During the first week of May, 2018, the big island of Hawaii hosted the first Hawaii Wildfire Summit. The conference was hosted by the Hawaii Wildfire Management Organization, (HWMO), a non-profit dedicated to reducing wildfire risks through local networks and engagement. They brought together over 140 practitioners, fire management agencies, partners and residents to learn about fire ecology and risk reduction efforts.
But just to make sure the attendees understood some of the unique challenges faced in the islands, they somehow managed to schedule a 6.9 earthquake and some significant volcanic activity from Kilauea.
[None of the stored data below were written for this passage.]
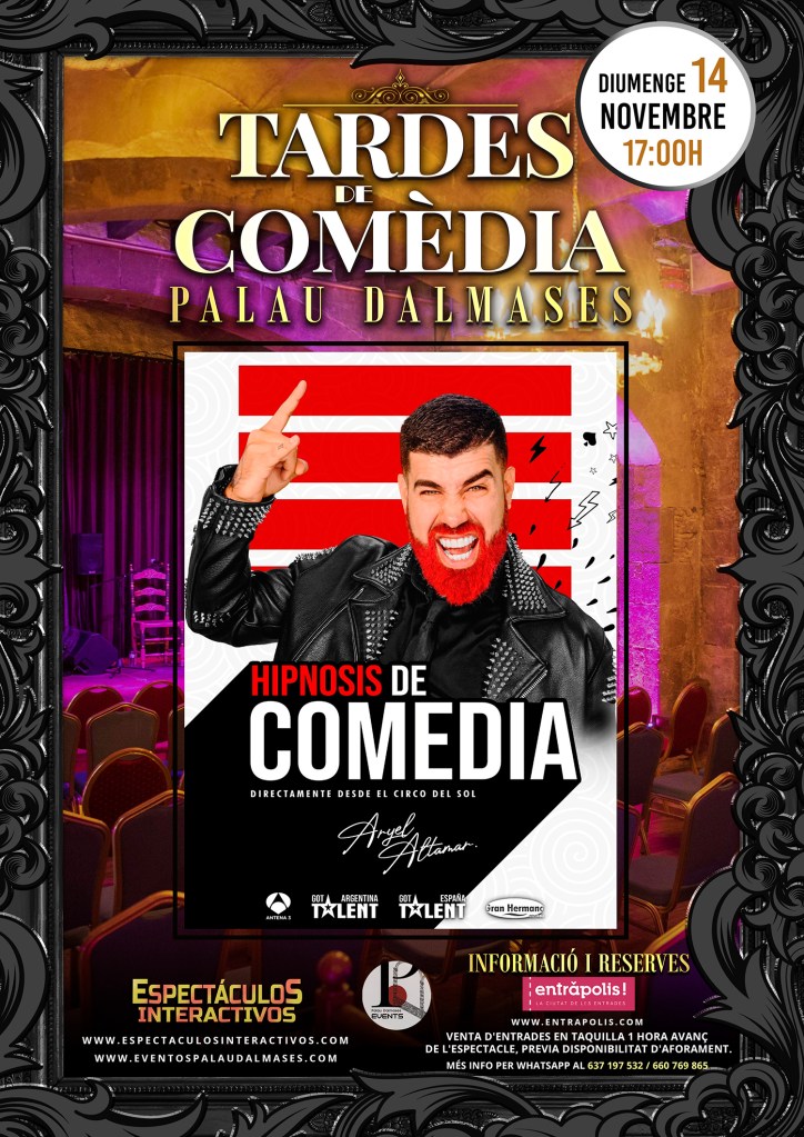 En un espai únic i amb un encant especial, podreu gaudir de grans humoristes i espectacles de primer nivell. En plé cor de Barcelona i a preus populars. Proper Diumenge 15, 17:00 Aryel Altamar (L’hipnotista del Cirque du Soleil i premiat els últims 6 anys com el millor hipnotista de Llatino Amèrica). Un dels millors shows d’hipnosis a nivell mundial.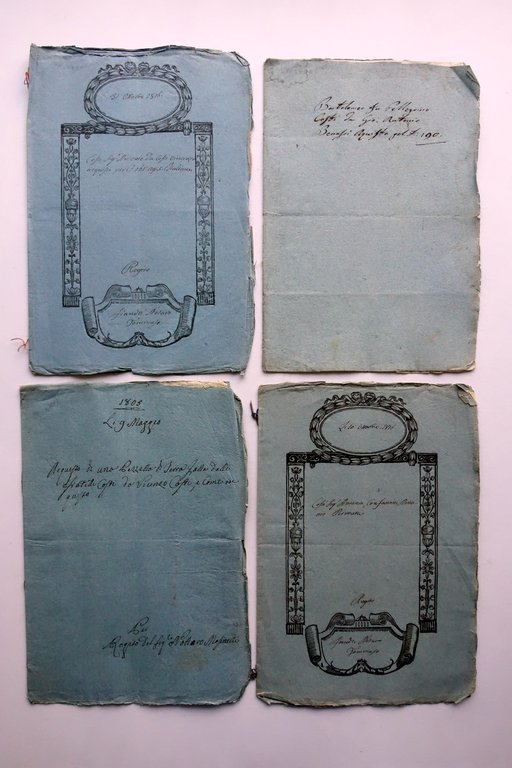4 rogiti - atti notarili privati, 4 atti notarili privati Prignano (provincia di Modena) per aquisto di terreni e per permuta Costi - Benassi - Fantini 1805-1826 4 atti notarili privati di cm 32x22, pp. non num. (pp. 4 per ciascun atto), con al termine del testo tabellonato notarile, sottoscrizione e firme per convalida. Carpetta d'epoca con breve regesto redatto a mano alla copertina. Condizioni di conservazione Buone condizioni con tracce d'uso e del tempo, leggere tracce di pieghe, alcune leggere bruniture, margini delle carpette con piccole / minime pieghette e pochi minuscoli strappetti; atto del 1792 con, alla carpetta, leggere ombre di gore che non interessano il testo. Interni buoni. SC03.D18678 N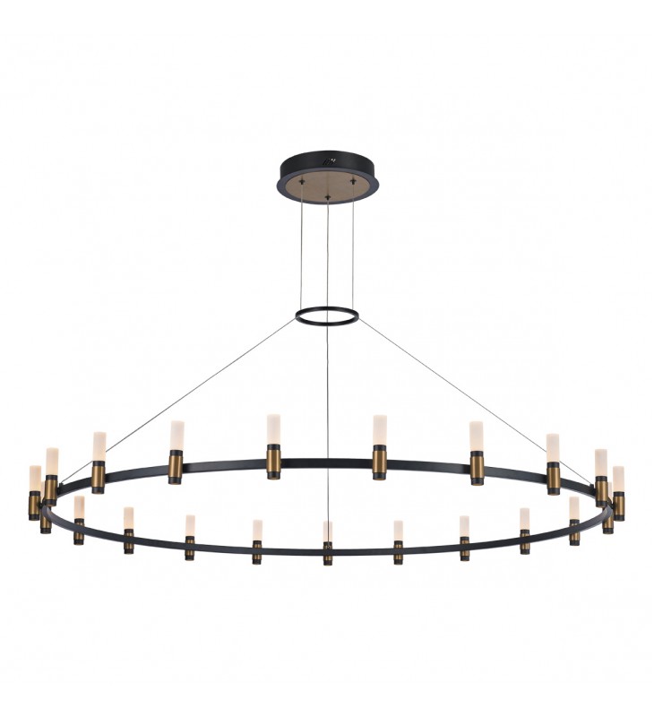 Albany-Chd-21Lt-60In-Brbm-Wh; Albany, Chandelier, 21-Light, 60\", Brass-Black Mix, White Acrylic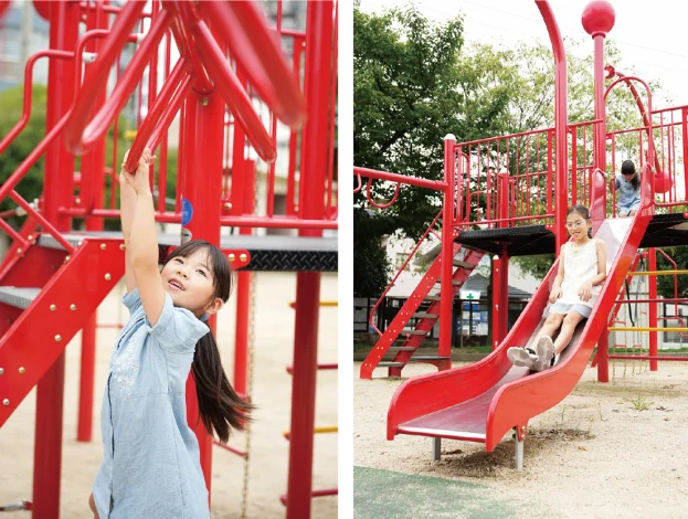 公園の近くには松永支所や図書館、郵便局、コンビニなどがあり、用事の合間に気軽に遊びに行けるので便利です。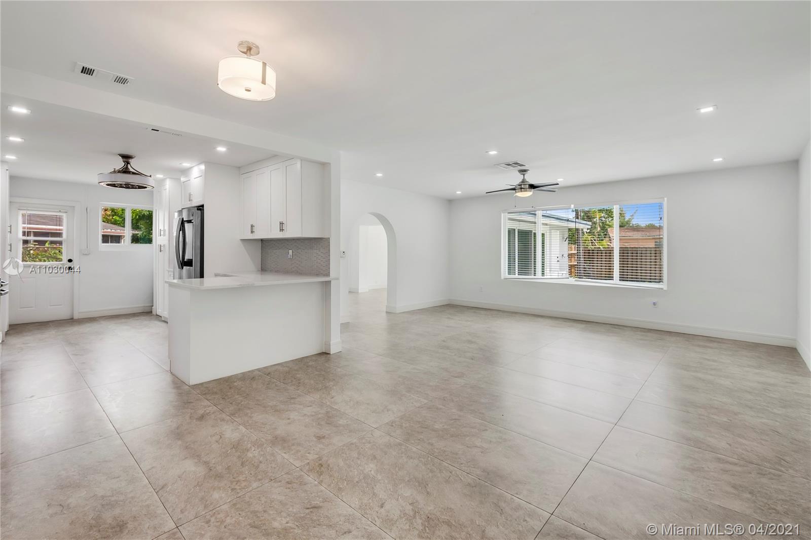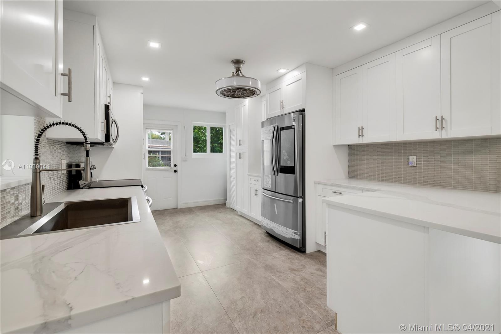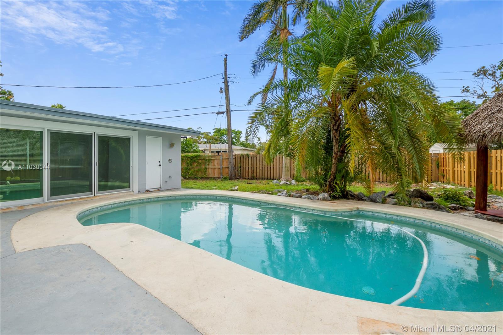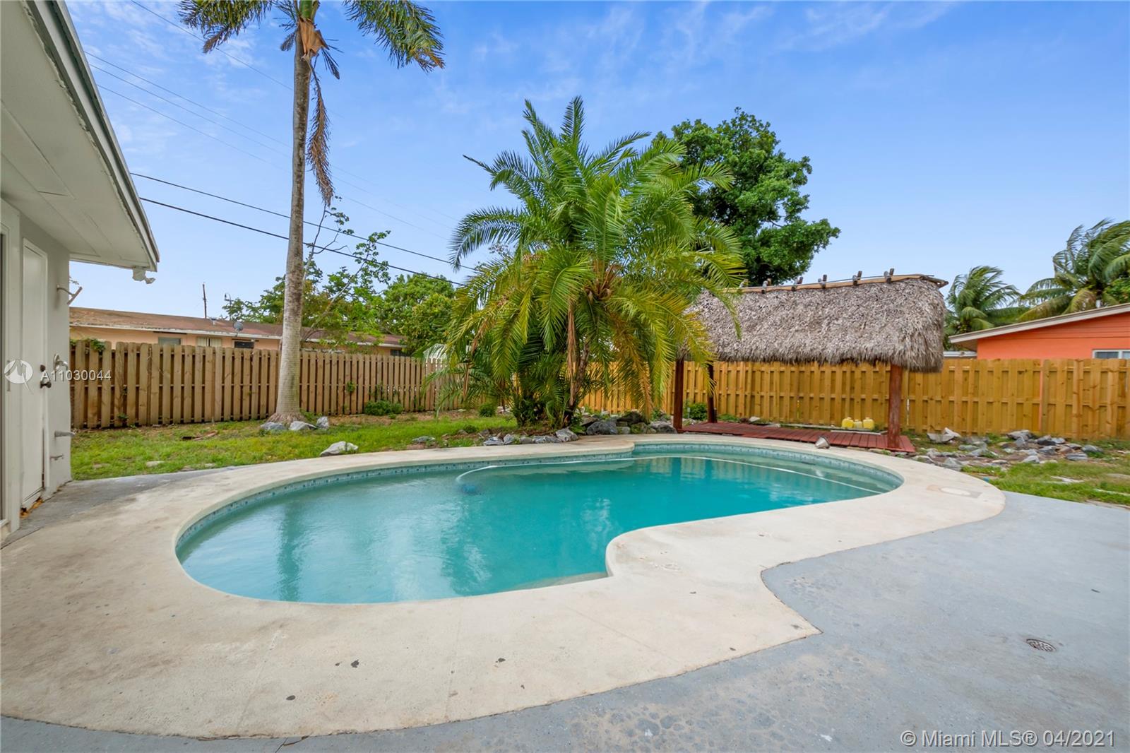 Contemporary 3/2.5 pool home! This home has been tastefully remodeled w/no expense spared. Newer roof, Hurricane impact doors & windows. Freshly painted inside & outside. recess lights throughout the home. New floors 24x48 inch rectangle porcelain tiles in all living areas. New kitchen with high end cabinets, granite counters, matching back splash new appliances. Smart refrigerator, washer & dryer*** New bathrooms offering modern high end tiles fixtures & vanities, w/blue tooth stereo speakers, perfect for long showers. Back yard oasis with a large pool & cabana bath, & a tikki hut prefect to entertain! Fantastic curb appeal. True move in ready must see!

All kidding aside, the resultant lava flow ended up in resident's backyards destroying 36 homes and forcing the evacuation of over 1700 people. There have been some wildfires caused by the flow, but have been of lesser consequence compared to the lava and being the rainy season, have not grown to significance.
That was not the only unique thing I observed while in Hawaii. As we made our first stop of the Fire Ecology tour, members of our group conducted a "Pule", a sort of Hawaiian prayer song that is a "protocol" of orientation to place and a recognition of all that came before. It is also a recognition of the importance of the natural resources and statement of our intent that day with relation to those resources. It was a very grounding experience to the close relationship that those living in Hawaii have with their natural environment. Maybe that explains the lack of wide scale panic as lava was slowly flowing through neighborhood streets, but rather an acceptance of a way of life.
This is also shown in the approach HWMO uses in helping communities reduce wildfire risk. Having conversations with residents to see what is needed rather than telling them what they need is their desired method. Developing the relationship and then figuring out what to do to reduce risk works well here. Since their first
Firewise USA ® site, Kohala by the Sea, came on board in 2004, they have now grown to a total of 11 sites on two islands.
Also while I was there, National Wildfire Community Preparedness Day happened. I was part of a "Colorado Contingent" attending the conference that included Emily Troisi from the Fire Adapted Communities Learning Network and Cesar Gellido from "Saws and Slaws", both from Boulder County. We attended a work day at the Kohala Waterfront community and Cesar broke out the chainsaw and began helping the residents trim trees while they removed and hauled the slash. I guess you don't have to live there to help be part of the solution.
So my hat is off to Elizabeth Pickett, Pablo Beimler and the rest of the HWMO staff as well as their partners from the State of Hawaii, the National Park Service, the Department of Defense and Hawaii County Fire Department for setting a high bar for their first wildfire summit. As Hawaii wrestles with economic and natural forces that affect its wildfire situation, there is much to be learned from how they stand together, engage and adapt to wildfire.